UN Secretary-General Antonio Guterres said last Wednesday: “the world needs an exit ramp off the highway to climate hell”, as the latest data showed the streak of record global temperatures stretched into a 12th consecutive month in May.
Last week, I had the privilege of addressing Rotary Club Bangkok DACH on the critical issue of financing climate change. It was useful to be able to draw on experiences gained at COP28 in Dubai and subsequent ESG conferences in the UAE and elsewhere.
Achieving the Paris Agreement target of limiting global warming to 1.5°C by 2030 is not just an environmental imperative but a financial challenge of unprecedented scale. A vast funding gap, estimated at around $7.6 trillion per year, is needed annually compared with the $1.3 trillion currently being spent (according to a 2023 WMO report, The State of Global Climate).
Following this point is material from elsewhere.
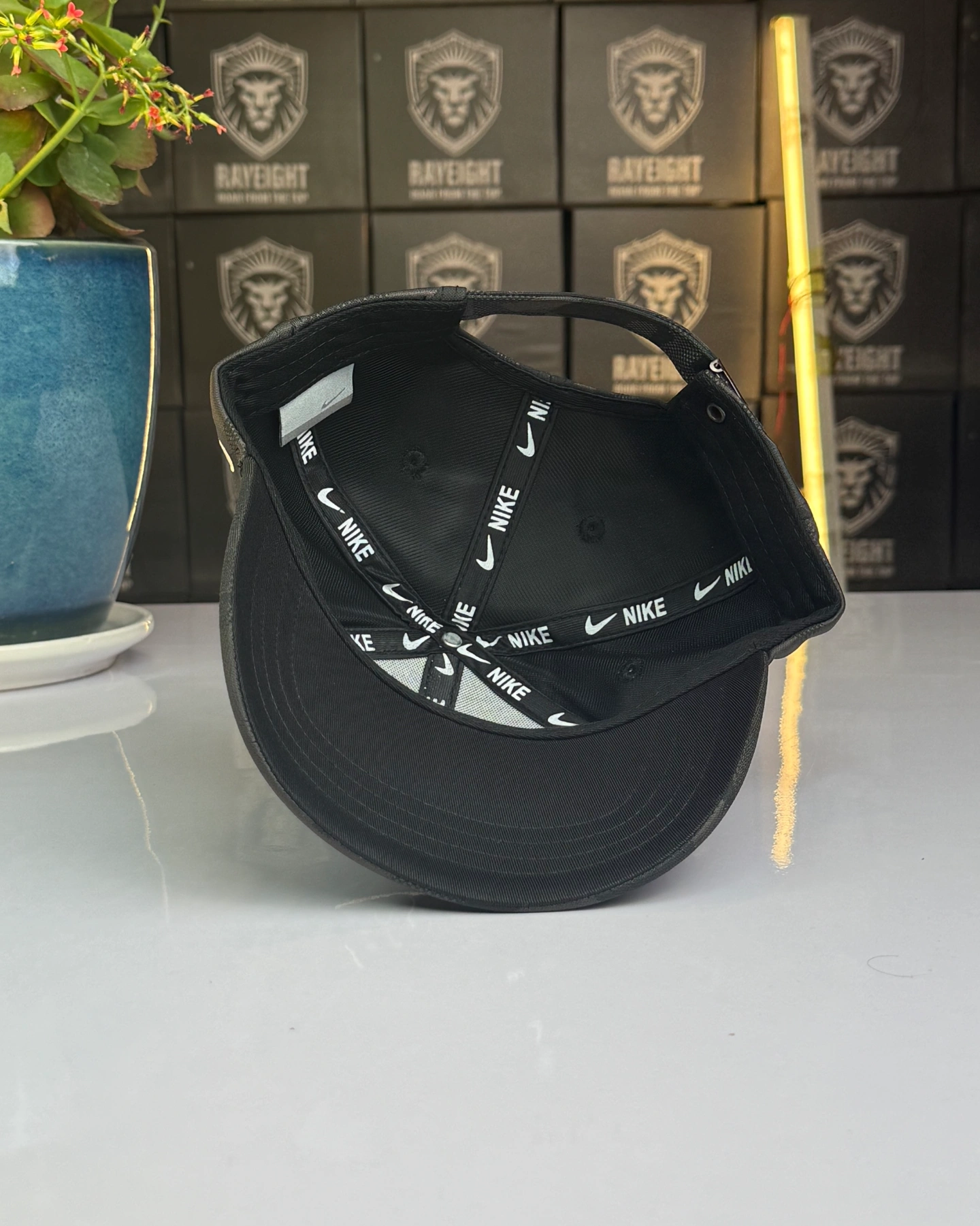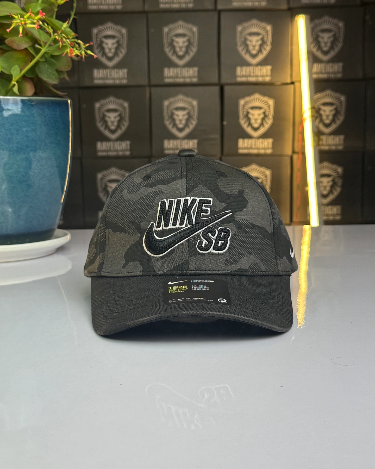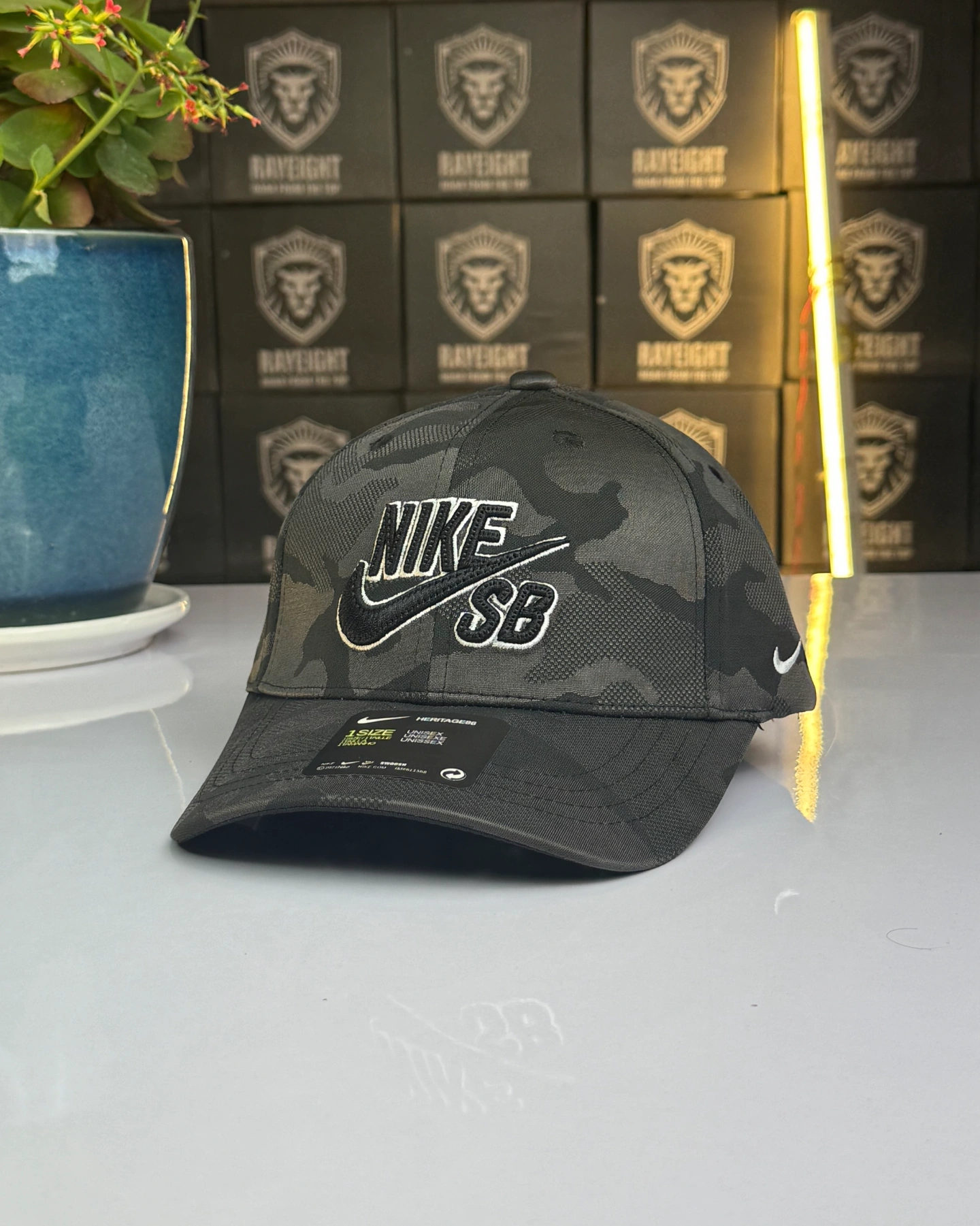 Nike SB camouflage snapback cap embroidered logos and skateboarding styling.
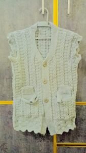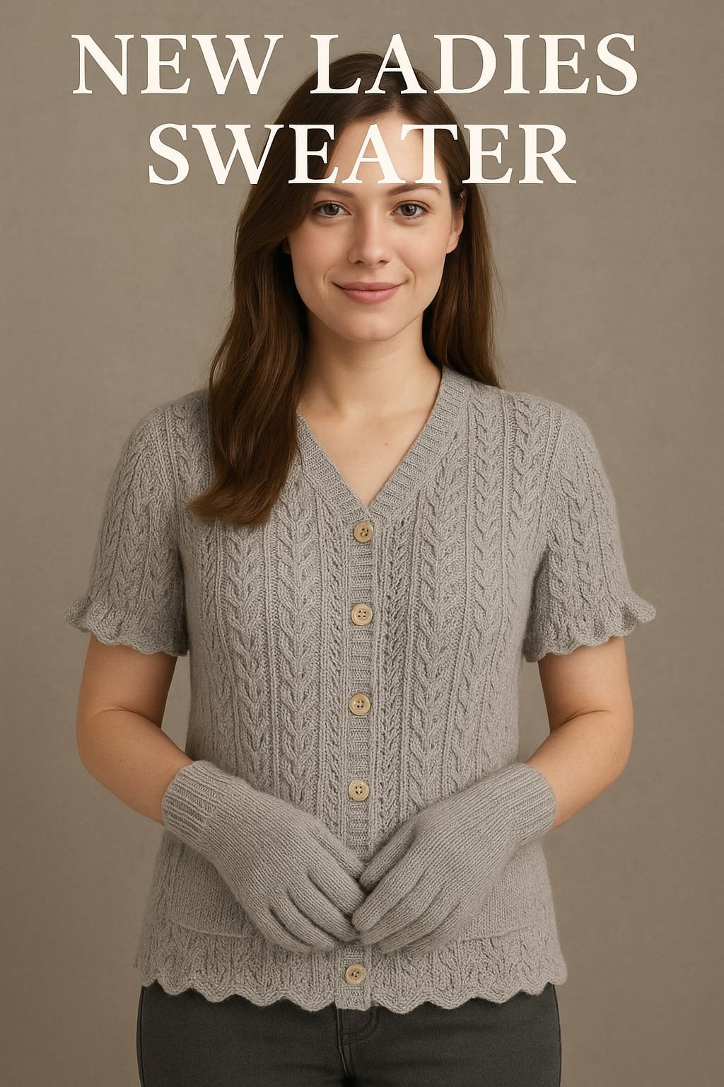 This handmade knitted women’s cardigan is crafted from soft, warm wool, providing comfort and style for mild winter days.

Quite apart from the massive financial deficit mentioned above, other challenges are mounting. Many studies show the projects underlying carbon credits' value are deficient, incorrectly certified, and in some cases, even leading to higher emissions. A recent Financial Times article highlights how investors are pulling assets out of ESG funds due to lagging performance (https://on.ft.com/4e3afxX). Another describes how many companies are either dropping or missing green targets originally set up to cut emissions (https://on.ft.com/3xikVrZ).
We may well have to dust off the degrowth theory and focus on the steady-state economic model. The relentless push for GDP growth will then be replaced with goals focusing on long-term stability, environmental sustainability, and social well-being as our principal objectives.
John Kerry, who recently stepped down from his role as the US special climate envoy, put it bluntly: “The Paris 1.5°C target is dead. We do stand next to an abyss. It is the test of our own times, a test as acute and as existential as any previous one. It is about survival.”
Those of us working in the financial sector especially will have to redouble our efforts to confront this immense challenge.